▶ [REQUIREMENT] An exact restatement of the data is required, with the images omitted.

▶ [PROVIDED DATA]
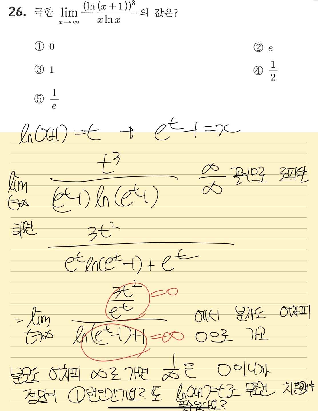 (lnx)^2 라 할지라도 x 에 비해 증가력이 작습니다. x가 더 큰 무한대이니까 0 ! |
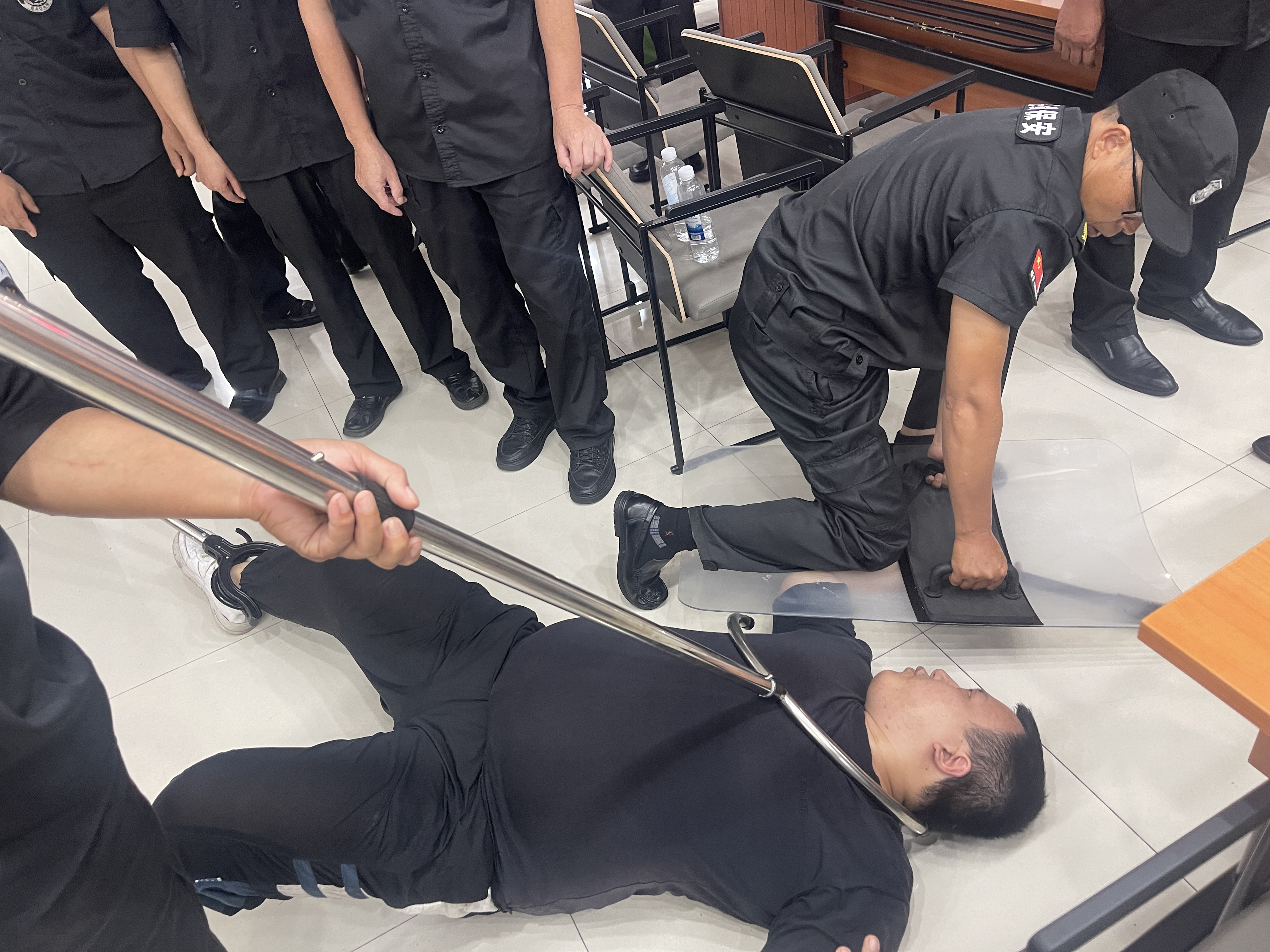 講座結(jié)束后,進(jìn)入到緊張而有序的軍體素質(zhì)及反恐防暴演練環(huán)節(jié)。在教官的嚴(yán)格指導(dǎo)下,保安人員進(jìn)行了隊(duì)列訓(xùn)練、體能訓(xùn)練等基礎(chǔ)軍體項(xiàng)目,通過(guò)訓(xùn)練,進(jìn)一步規(guī)范了動(dòng)作標(biāo)準(zhǔn),增強(qiáng)了身體素質(zhì)和團(tuán)隊(duì)協(xié)作能力。在反恐防暴演練中,模擬了突發(fā)暴力襲擊事件場(chǎng)景,保安人員迅速反應(yīng),按照預(yù)定預(yù)案,熟練使用防暴器械,密切配合,成功制服 “歹徒”,展現(xiàn)出了良好的應(yīng)急處置能力和實(shí)戰(zhàn)水平。
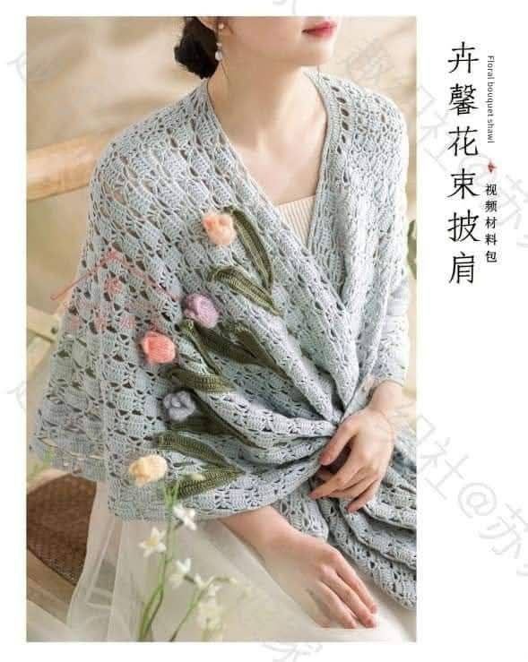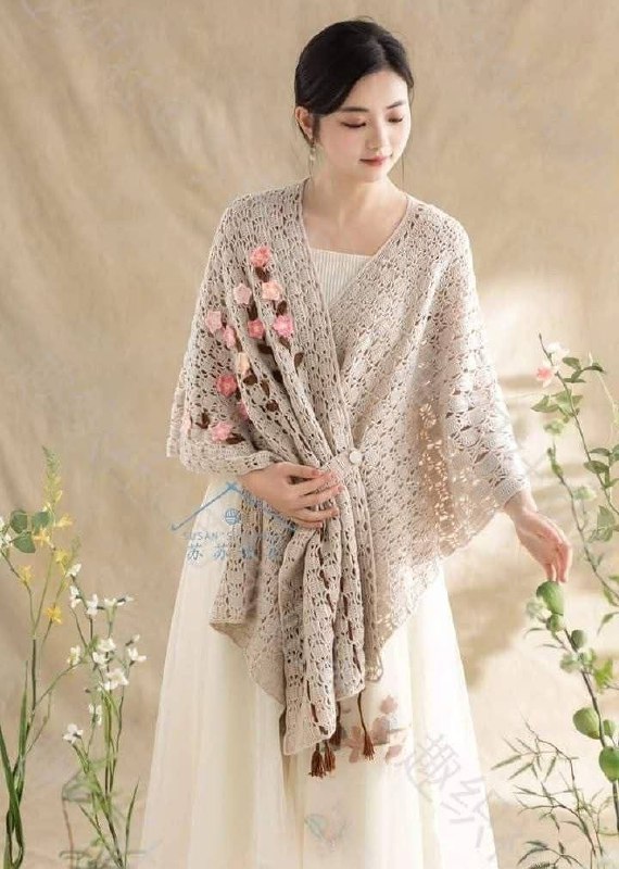 Вязаное пончо с цветочной вышивкой

▶ [EXPECTED ANSWER]
 (lnx)^2 라 할지라도 x 에 비해 증가력이 작습니다. x가 더 큰 무한대이니까 0 ! |
 講座結(jié)束后,進(jìn)入到緊張而有序的軍體素質(zhì)及反恐防暴演練環(huán)節(jié)。在教官的嚴(yán)格指導(dǎo)下,保安人員進(jìn)行了隊(duì)列訓(xùn)練、體能訓(xùn)練等基礎(chǔ)軍體項(xiàng)目,通過(guò)訓(xùn)練,進(jìn)一步規(guī)范了動(dòng)作標(biāo)準(zhǔn),增強(qiáng)了身體素質(zhì)和團(tuán)隊(duì)協(xié)作能力。在反恐防暴演練中,模擬了突發(fā)暴力襲擊事件場(chǎng)景,保安人員迅速反應(yīng),按照預(yù)定預(yù)案,熟練使用防暴器械,密切配合,成功制服 “歹徒”,展現(xiàn)出了良好的應(yīng)急處置能力和實(shí)戰(zhàn)水平。
 Вязаное пончо с цветочной вышивкой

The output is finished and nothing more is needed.